# "Secret Wood" pen blank ideas



## mikepet (Mar 6, 2018)

I was recently inspired to try some pens based on the "secret wood" rings and pendants.   Since we have a tube running through, it is kind of hard to make a landscape, but you can still utilize some of the basic ideas.
These are:
-- Use of splintered or rough cut wood.
-- Transparent/translucent resin.
-- Combo of wood and resin.
-- Use of decorative elements.

 Here are the three that I did as samples.  I was pretty happy with them.
First was opaque and the next two I tried decorating the tube with paint and colored sand and glitter and stuff.  The final one I used a basic pen kit and made it extra long (thus the custom cap since I had no more tube!)  Then I used mostly clear resin mixed with swirls of colored resin.

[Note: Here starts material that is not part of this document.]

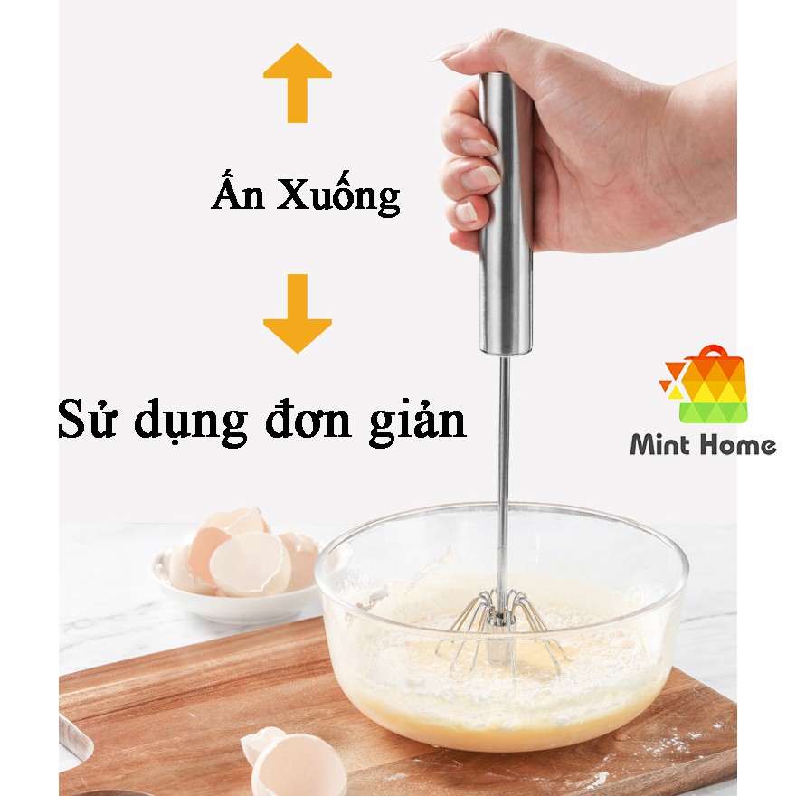 Máy đánh trứng cầm tay bán tự động thông minh, Cây phới lồng tròn đánh trứng thép không gỉ inox 304 có trục xoayDùng để tạo bọt, đánh bông kem, trứng sữa bằng cách ấn trục chuyển động lên xuống.

Making the blanks for these is pretty easy and worth trying out.
As you can see from the pictures, I take a pen blank and either break it, splintering it, OR cut it and use some method of distressing it to make it uneven such as a chisel or vibrating tool or cutting wheel.

You then drill the wood and go ahead and insert the tube(s) and use duct tape to make a boat to hold the resin.  Make sure to cover up the tube entrances well!   
Then you can easily do the pouring of resin in whatever colors or swirleys that you desire.

I have not seen any pens like these, although I am sure something similar has been done before. But hopefully someone finds these interesting and gives it a shot.


----------



## PatrickR (Mar 6, 2018)

Very cool. I’ll add this to my list. Thanks for sharing.


----------